Sedangkan penagihan menurut PMK Nomor 189/PMK.03/2020
- Jika Wajib Pajak tidak membayar Utang Pajak, pejabat menerbitkan Surat Teguran setelah lewat waktu 7 (tujuh) hari sejak jatuh tempo pembayaran.
- Apabila Penanggung Pajak belum membayar Utang Pajak dalam waktu 21 (dua puluh satu) hari terhitung sejak tanggal Surat Teguran dikirim, Surat Teguran diterbitkan oleh Pejabat dan diberitahukan kepada Penanggung Pajak secara langsung oleh Jurusita Pajak.
- Apabila Penanggung Pajak belum membayar Utang Pajak dalam waktu dua (dua) kali 24 (dua puluh empat) jam sejak tanggal Surat Paksa diberitahukan, Pejabat menerbitkan surat perintah untuk menyita barang milik Penanggung Pajak, dan Jurusita Pajak menyita barang milik Penanggung Pajak. Jika penyitaan dilakukan terhadap harta yang tersimpan di LJK, LJK Lainnya, atau Entitas Lain, Pejabat meminta pemblokiran terlebih dahulu.
- Jika Penanggung Pajak belum membayar Utang Pajak dan Biaya Penagihan Pajak dalam waktu 14 (empat belas) hari sejak tanggal penyitaan, pejabat akan mengumumkan lelang barang sitaan.
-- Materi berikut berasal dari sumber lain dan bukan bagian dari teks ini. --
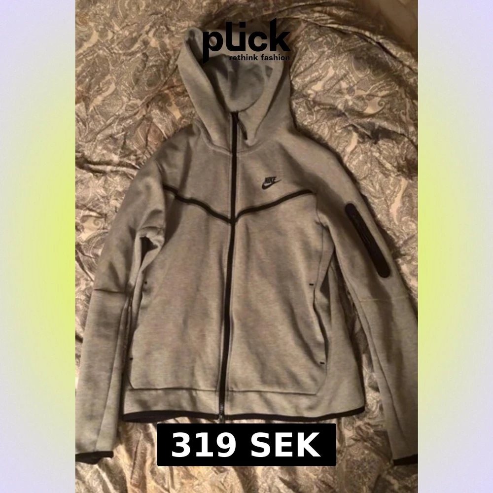 Grå hoodie från Nike i medium med hel dragkedja och svart Nike-logga på bröstet. Tröjan har huva, svarta detaljer längs sömmarna och en ficka med dragkedja på ärmen. Perfekt för chill eller träning, riktigt clean look.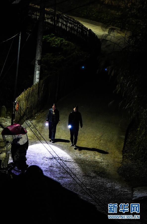 在从江县停洞镇东勤村,刘瑛(左)与贺常乐在连夜走访建档立卡贫困户途中(11月11日摄)。新华社记者 杨文斌 摄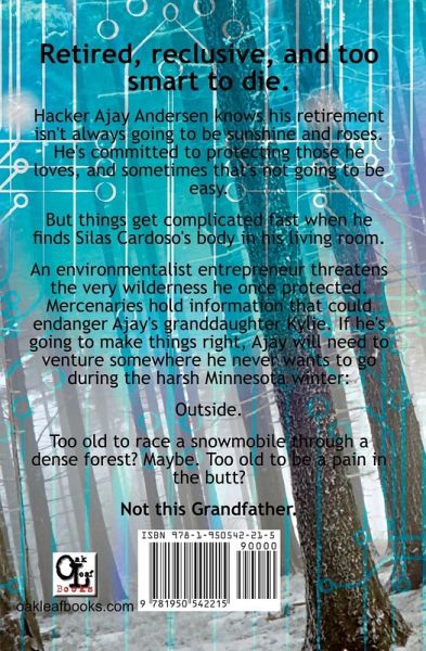 Retired, reclusive, and too smart to die. Hacker Ajay Andersen knows his retirement isn't always going to be sunshine and roses. He's committed to protecting those he loves, and sometimes that's not going to be easy. But things get complicated fast when he finds Silas Cardoso's body in his living room. An environmentalist entrepreneur threatens the very wilderness he once protected. Mercenaries hold information that could endanger Ajay's granddaughter Kylie. If he's going to make things right, Ajay will need to venture somewhere he never wants to go during the harsh Minnesota winter: Outside. Too old to race a snowmobile through a dense forest? Maybe. Too old to be a pain in the butt? Not this Grandfather.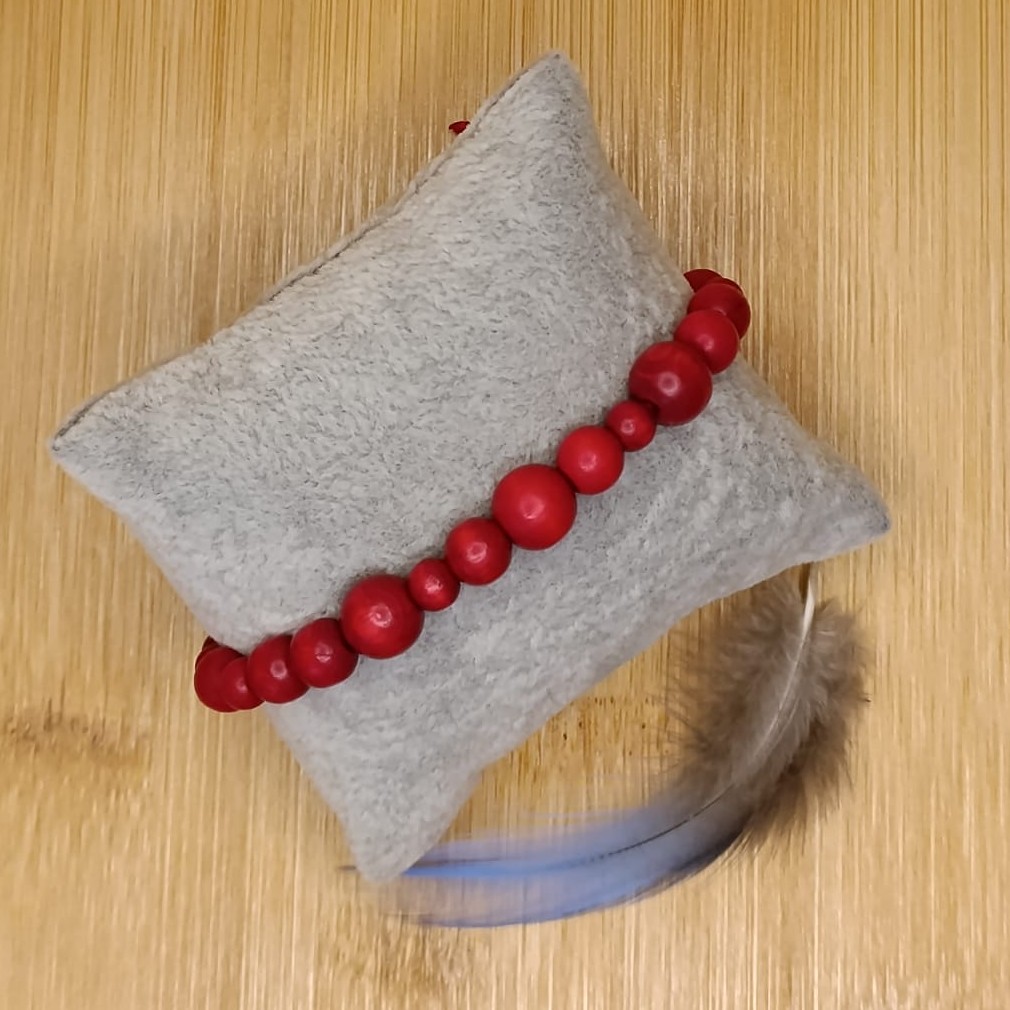 Náramek navlékaný z dřevěných korálků a tkaný technikou macramé z nylonové šňůry.Korálky jsou průměru 4, 6, 8 a 10 mm.Neobsahuje žádný kov - vhodný pro alergiky.
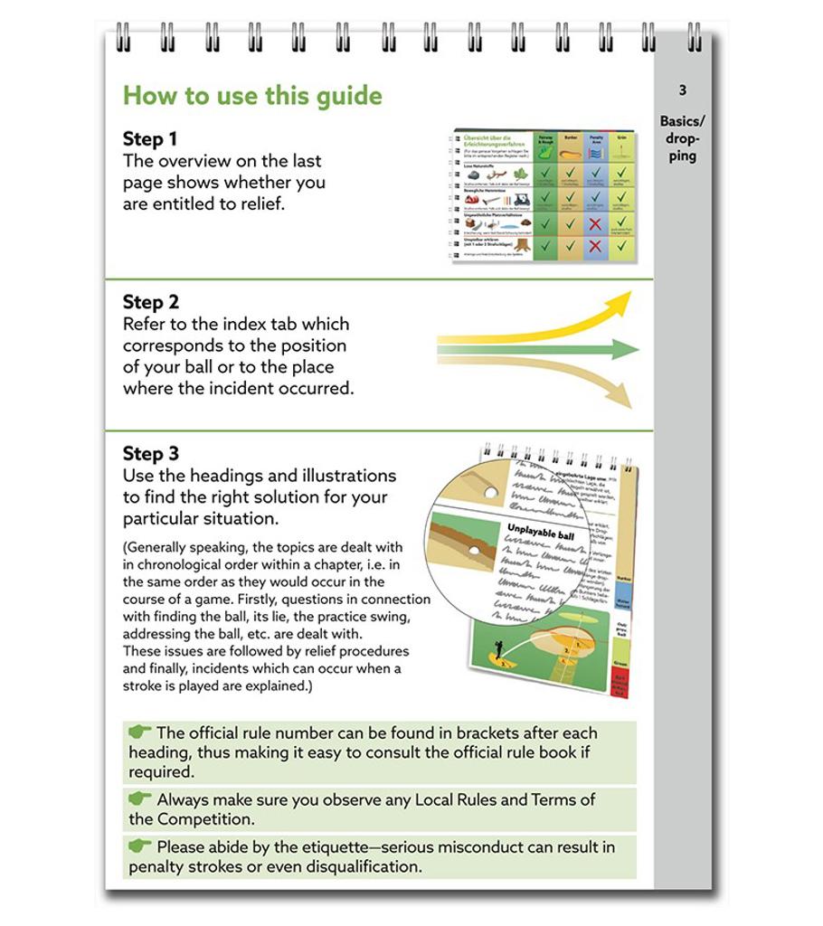 - The book is divided into sections by means of index tabs that correspond to an actual round of golf: “Tee”, “Fairway & rough”, “Bunker”, “Penalty area” etc

- Apabila Penanggung Pajak belum membayar Utang Pajak dan Biaya Penagihan Pajak dalam waktu 14 (empat belas) hari sejak tanggal pengumuman lelang, barang sitaan dapat dijual melalui kantor lelang negara atau digunakan, dijual, atau ditransfer.
- Pejabat dapat mengusulkan untuk mencegah lelang, penggunaan, penjualan, atau pemindahbukuan yang terjadi setelah tanggal Surat Paksa diberitahukan tanpa didahului dengan penerbitan surat perintah untuk menyita, melaksanakan penyitaan, atau menjual barang sitaan dalam hal :
- Objek Sita tidak dapat ditemukan;
- Utang Pajak sebagai dasar penagihan Pajak mendekati daluwarsa penagihan;
- Berdasarkan data dan informasi terdapat indikasi Penanggung Pajak akan meninggalkan Indonesia untuk selama-lamanya atau berniat untuk itu.
- Â Terdapat tanda-tanda bahwa Badan akan dibubarkan atau dilakukan perubahan bentuk lainnya atau Terdapat tanda-tanda kepailitan dan/ atau dalam keadaan pailit.
- Dalam kasus di mana terhadap Penanggung Pajak telah dilakukan Pencegahan, penyanderaan dapat dilakukan terhadap Penanggung Pajak dalam jangka waktu paling cepat 30 (tiga puluh) hari sebelum berakhirnya masa Pencegahan atau masa perpanjangan. Penyanderaan dapat dilakukan setelah lewat waktu 14 (empat belas) hari sejak tanggal surat paksa dikirim, kecuali dalam hal:
- Utang Pajak sebagai dasar penagihan Pajak mendekati daluwarsa penagihan;
- Terdapat tanda-tanda bahwa Badan akan dibubarkan atau dilakukan perubahan bentuk lainnya; atau
- Terdapat tanda-tanda kepailitan dan/ atau dalam keadaan pailit.